Simultáneamente se desarrolló una guerra
comunicacional. La aviación nazi lanzó propaganda donde se anunciaba: “Vuestra
ciudad está completamente rodeada por los ejércitos alemanes. El Alto Mando no
desea en modo alguno imponer sufrimientos a la población civil. Pero la rendición
constituye la única alternativa a la aniquilación absoluta o al hambre.
Convenced a vuestros dirigentes de que es preciso sacrificar el bolchevismo en
aras de la paz. ¡Es mejor ser un súbdito sano de vuestros conquistadores
indiscutibles que un bolchevique hambriento!”.

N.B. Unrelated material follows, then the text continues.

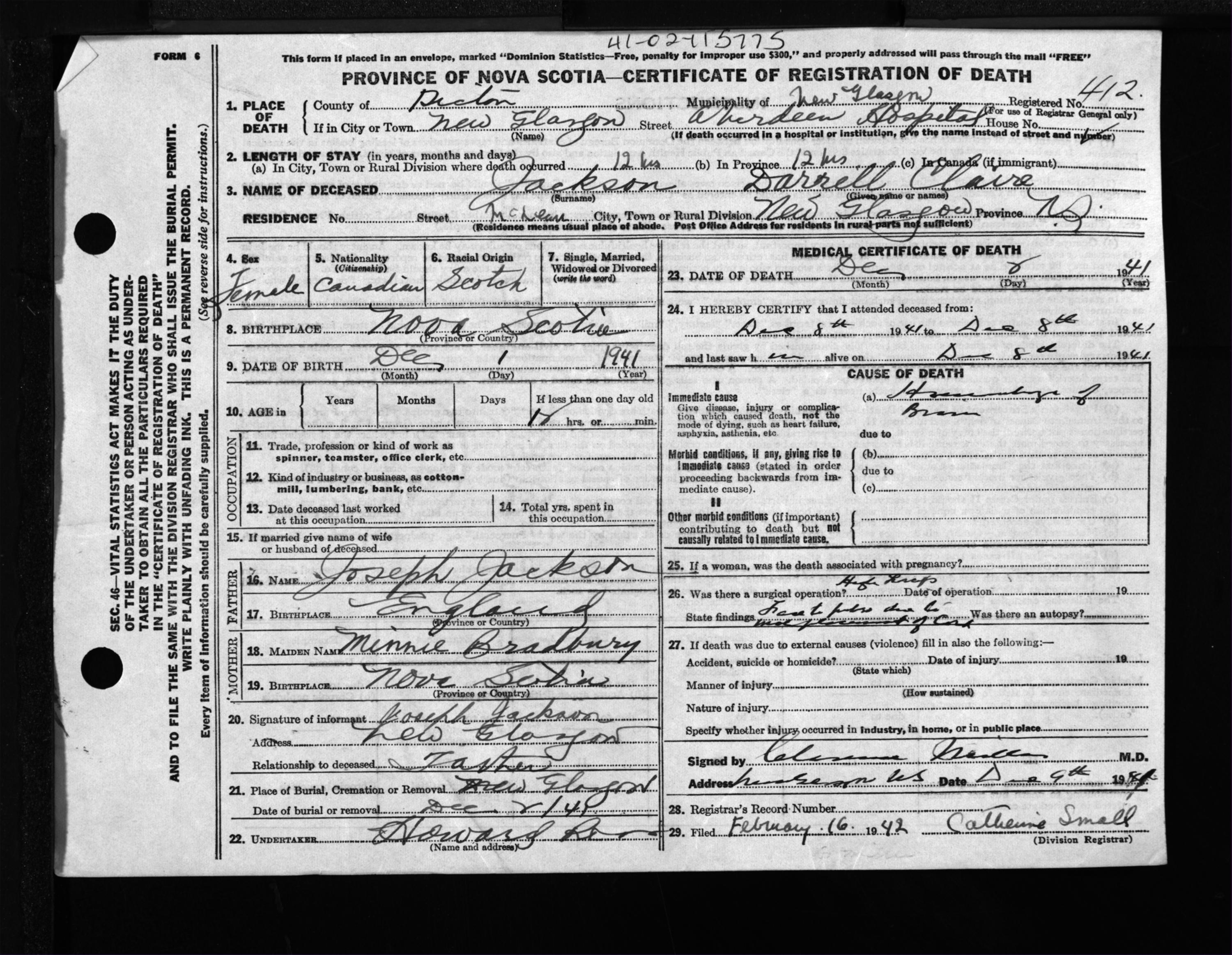 Female Death Registration: Year: 1941 file: 200 number: 412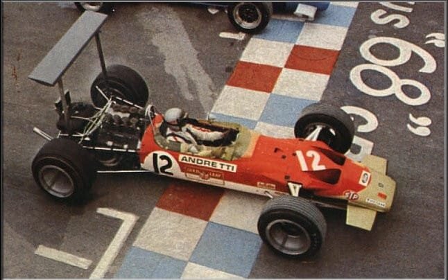 Em 68, Andretti se acertou com Chapman, ocupando o lugar que fora até o começo da temporada de Jim Clark. Chegou a disputar os treinos para o GP em Monza com um Lotus 49B (foto acima), equipado com o motor Ford Cosworth, marcando o 10º tempo nos treinos. Em seguida, voou aos Estados Unidos, para competir em outra corrida. Os organizadores italianos alegaram um veto regulamentar e não o deixaram largar.

¡Pero Leningrado no se rindió! Sus
habitantes hicieron de todo para sobrevivir: abrieron una ruta secreta para el
abastecimiento de alimentos que eran transportados desde las ciudades cercanas
(pero fueron descubiertos); ajustaron el racionamiento al mínimo indispensable
para que todos pudieran alimentarse; se organizaron patrullas para atender a
los enfermos y socorrer a los desvalidos; un grupo de voluntarios taló madera
en los bosques no ocupados por los alemanes; unos buzos extrajeron miles de
toneladas de carbón que yacían bajo el agua del puerto, concretamente de unos
barcos ingleses que en el siglo XIX habían arrojado el mineral al fondo; otros
buzos rescataron del Lago Ladoga toneladas de trigo que se pudieron secar y
recuperar para comer; durante el aniversario de la Revolución Bolchevique para
elevar la moral los niños recibieron como premio una porción de leche con una
cucharada de harina de papa y los adultos tomates salados; se crearon nuevas
rutas de aprovisionamiento que fueron bautizadas como “Carreteras de la Vida”.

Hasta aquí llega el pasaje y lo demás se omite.